Harsco Announces Pricing of $500 Million of 5.75% Senior Unsecured Notes Due 2027

Camp Hill, PA

Enviri Corporation (NYSE: NVRI)

CAMP HILL, Pa. – (June 12, 2019) – Harsco Corporation (NYSE: HSC) today announced that it priced a private offering (the “Private Offering”) of $500 million in aggregate principal amount of 5.75% senior unsecured notes due 2027 (the “Notes”) at par.

The Company intends to use the net proceeds from the Private Offering to fund, together with borrowings under its revolving credit facility, the purchase price of the previously announced pending acquisition (the “Acquisition”) of CEHI Acquisition Corporation (“Clean Earth”). The closing of the Private Offering, which is expected to occur on June 28, 2019, is contingent upon the closing of the Acquisition and other customary closing conditions.

The Notes will be guaranteed on a senior unsecured basis, jointly and severally, by all of Harsco’s wholly owned U.S. subsidiaries that guarantee its senior secured credit facility.

The Notes will be offered and sold to persons reasonably believed to be qualified institutional buyers pursuant to Rule 144A under the Securities Act of 1933, as amended (the “Securities Act”) and to certain non-U.S. persons outside the United States pursuant to Regulation S under the Securities Act.

Also expected to be consummated on or about June 28, 2019, subject to customary closing conditions, is the anticipated amendment to the Company’s credit agreement governing its senior secured credit facility to (i) increase its revolving credit facility by $200 million, (ii) extend the maturity of its revolving credit facility to June 2024, (iii) reduce the interest rate margins and commitment fees applicable to its revolving credit loans, and (iv) adjust certain covenants, although there can be no assurance that the Company will consummate the amendment on favorable terms or at all.

The Notes have not been and will not be registered under the Securities Act or applicable state securities laws and may not be offered or sold in the United States absent registration or an applicable exemption from the registration requirements of the Securities Act and applicable state laws.

This press release does not constitute an offer to sell or a solicitation of an offer to buy any of the Notes or any other securities and shall not constitute an offer, solicitation or sale in any state or jurisdiction in which such offer, solicitation, or sale is unlawful.


About Harsco Corporation

Harsco Corporation a global market leader providing environmental solutions for industrial waste streams and innovative technologies for the rail and energy sectors. Based in Camp Hill, PA, the 11,000-employee company operates in more than 30 countries. Harsco’s common stock is a component of the S&P SmallCap 600 Index and the Russell 2000 Index. Additional information can be found at www.harsco.com.


This release contains forward-looking statements based on management’s current expectations, estimates and projections. The nature of the Company’s business and the many countries in which it operates subject it to changing economic, competitive, regulatory and technological conditions, risks and uncertainties.
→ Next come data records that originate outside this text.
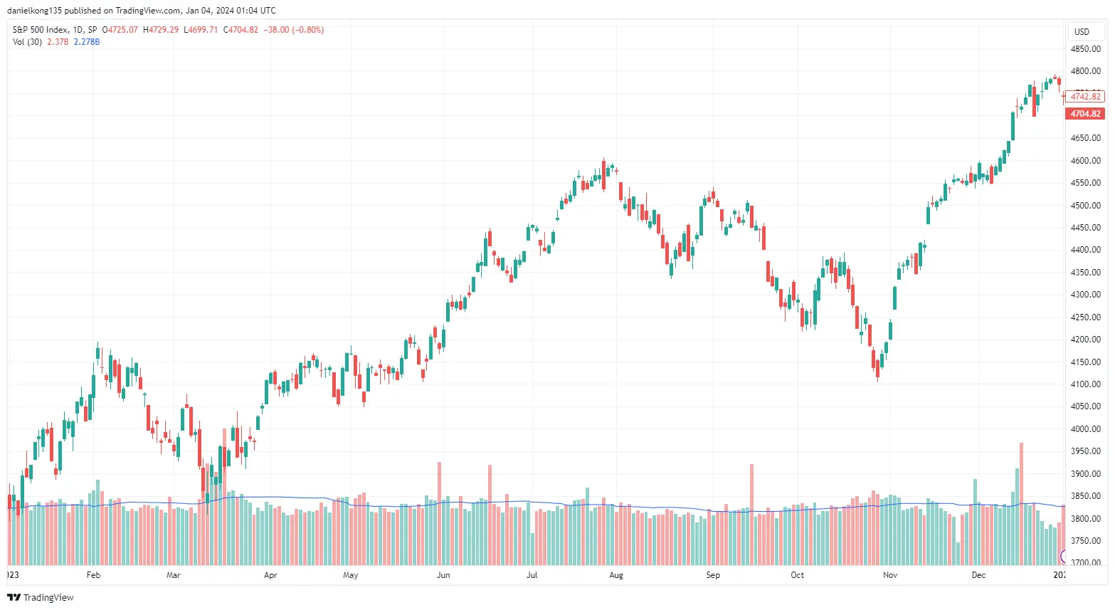 Chart 1: S&P 500 Index chart movement for 2023 (https://www.tradingview.com/x/gtVz2QSo/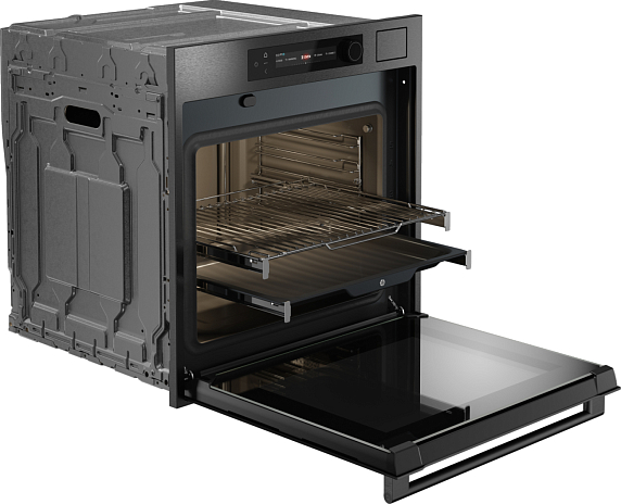 Технология Air Flow 360 гарантирует равномерное распределение тепла и циркуляцию воздуха внутри, что позволяет добиться оптимальных результатов при выпекании и запекании. Функция уменьшения влажности и возможность экоприготовления делают этот прибор не только удобным, но и экономичным. Телескопические направляющие на двух уровнях обеспечивают легкий доступ к блюдам, а UltraCoolDoorQuadro+ с четырьмя стеклами дверцы гарантирует безопасность и минимальное нагревание внешней поверхности.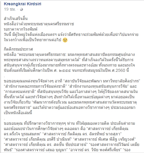 ผมเสนอ กก.สุธีรัตนามูลนิธิ และ บวรนคร ว่าหนังสือนี้ เราน่าจะพิมพ์แจกให้ได้อ่านกันทั้งเมืองนคร สานงานที่เมื่อพระราชทานเพลิงศพคุณตาขุนบวรฯ ก็ได้พิมพ์งานของพี่ประทุม ชุ่มเพ็งพันธ์ออกมา แถมยังได้ทำเรื่องเรียนรู้บูชาพระบรมธาตุนคร กับการเรียนรู้รอยธรรมที่พระธาตุมาด้วยแล้ว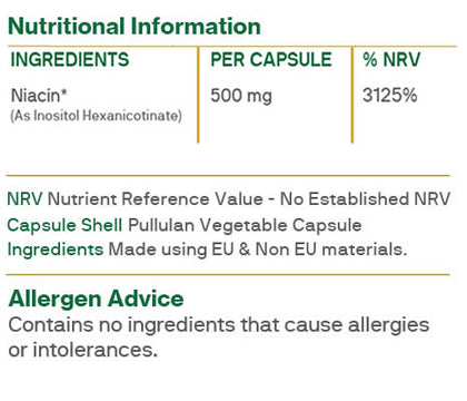 | Niacin (as Inositol Hexanicotinate) | 500mg | 3,125% |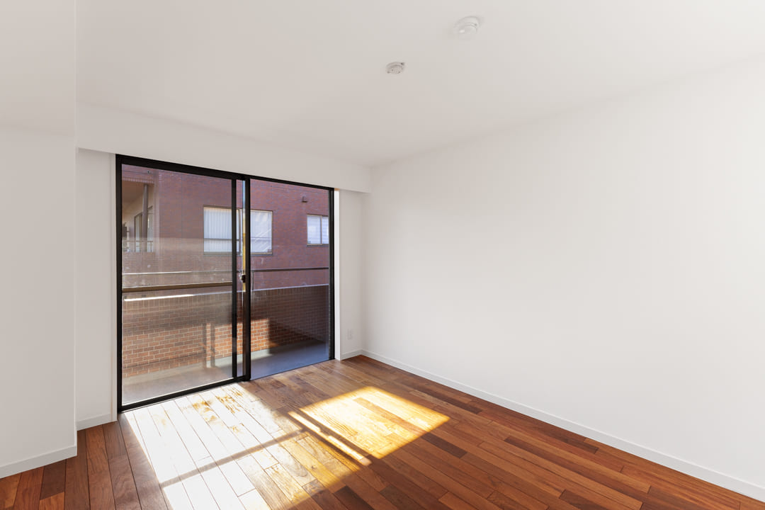 約6.9帖の洋室。南向きの窓から明るい陽光が差し込み、心地よい時間を過ごせる空間です。バルコニーに面しているため、視線が抜けて奥行きと開放感を感じられるのも魅力。収納を設けないことで居室スペースをゆったりと確保しており、自分好みの家具レイアウトを楽しめます。寝室としてはもちろん、ワークスペースや趣味のお部屋としてもおすすめです。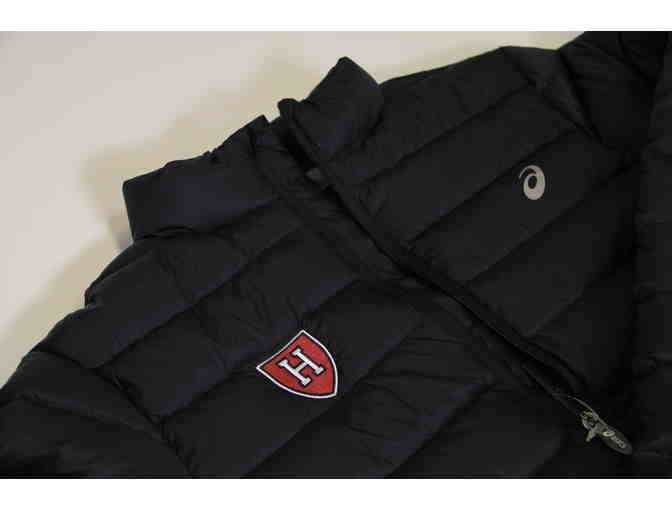 Looking for official Harvard Athletics gear to wear this winter? This Asics brand down jacket featuring an embroidered Harvard Athletics "H" shield will keep you warm this winter whether you're headed to Harvard-Yale or hockey games at Bright.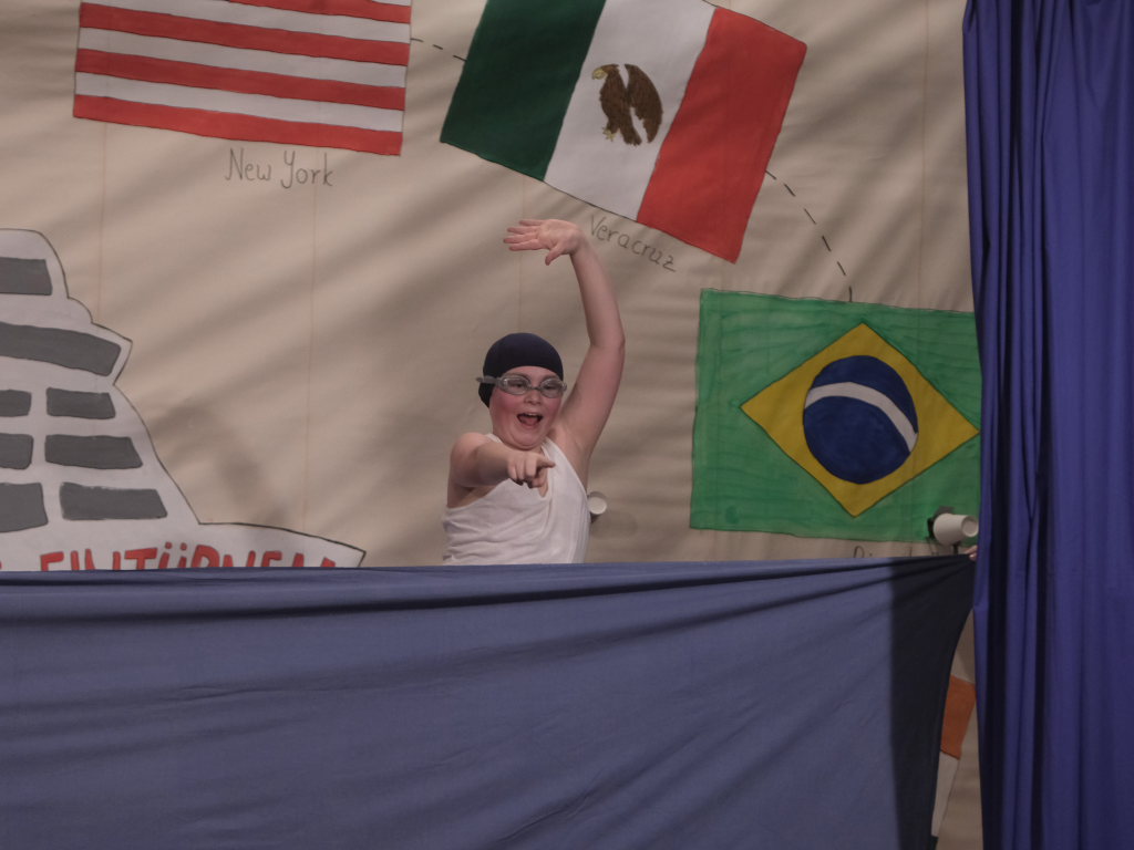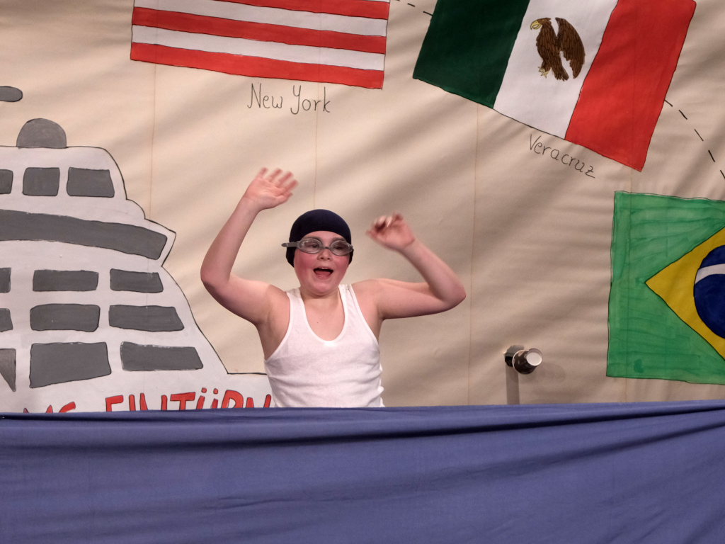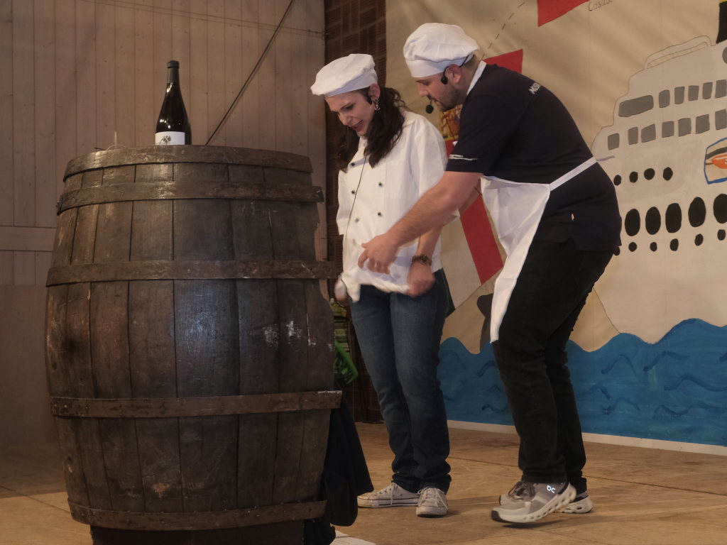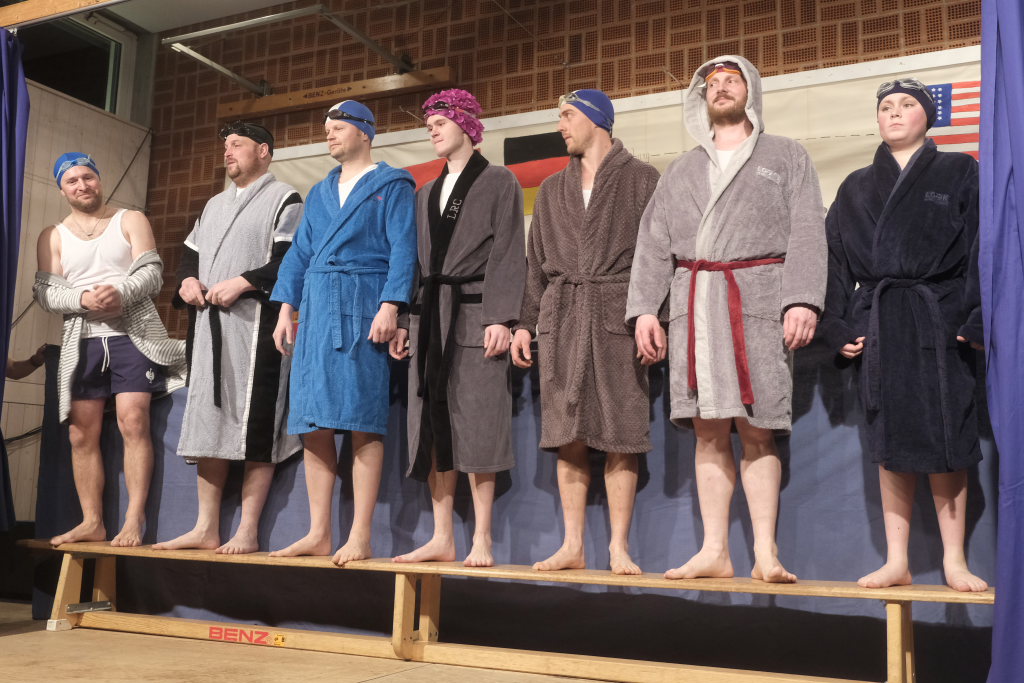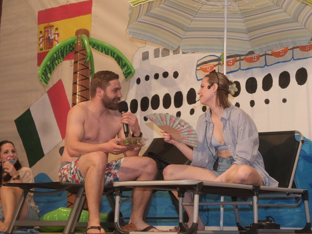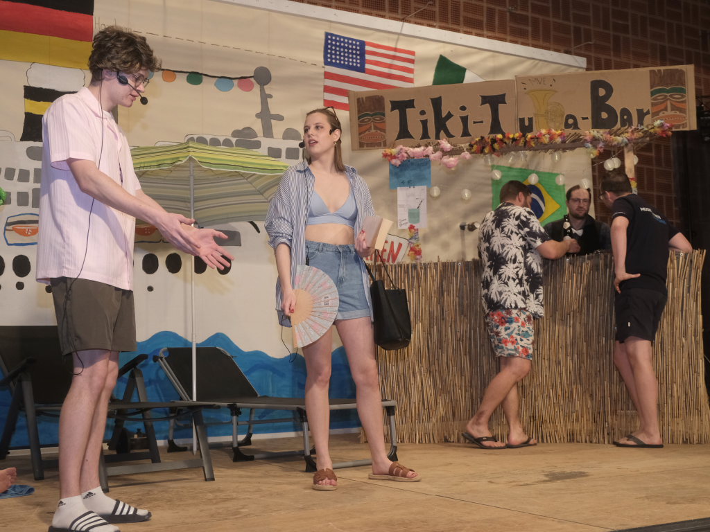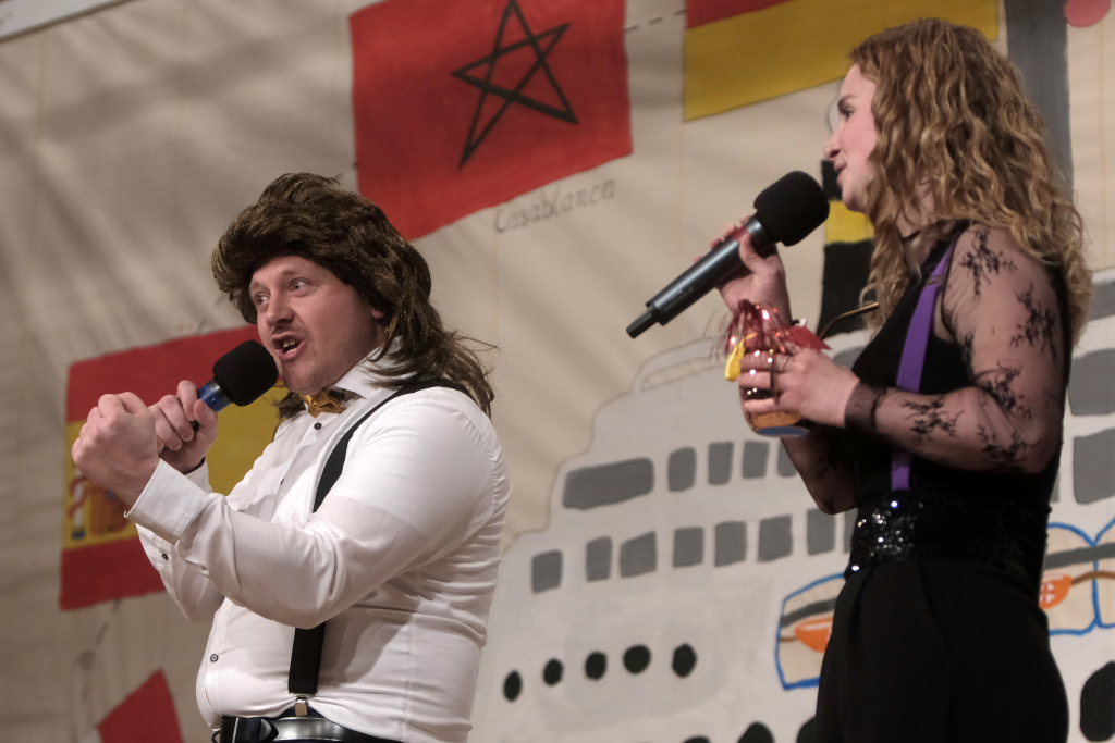 Tabea Stephan und Florian Weber begeisterten als altes Ehepaar, das sich in einem eigentlich sich harmlos anhörenden Lied nach vielen, vielen Ehejahren so richtig die Meinung geigte. Die Zugabe war danach natürlich ein Muss. Danach machten die Männer der Musikkapelle den Board-Pool des Kreuzfahrtschiffes zu ihrer Spielwiese bzw. ihrem Spielelement. Synchronschwimmen war angesagt, wobei das jüngste Teammitglied die ihm geltende Aufmerksamkeit besonders genoss, so dass er von seinen „Mitschwimmern“ auf den Boden der Realität (bzw. des Pooles) zurückgeholt wurde.

In accordance with the “safe harbor” provisions of Section 27A of the Securities Act of 1933 and Section 21E of the Securities Exchange Act of 1934, the Company provides the following cautionary remarks regarding important factors that, among others, could cause future results to differ materially from the results contemplated by forward-looking statements, including the expectations and assumptions expressed or implied herein. This release contains forward-looking statements, including statements concerning the consummation of the Private Offering, the entering into the amendment to the Company’s credit agreement and the closing of the acquisition of Clean Earth. All statements other than statements of historical fact are, or may be deemed to be, forward-looking statements within the meaning of the Securities Act. Forward-looking statements can be identified by the use of such terms as “may,” “could,” “expect,” “anticipate,” “intend,” “believe,” “likely,” “estimate,” “outlook,” “plan” or other comparable terms.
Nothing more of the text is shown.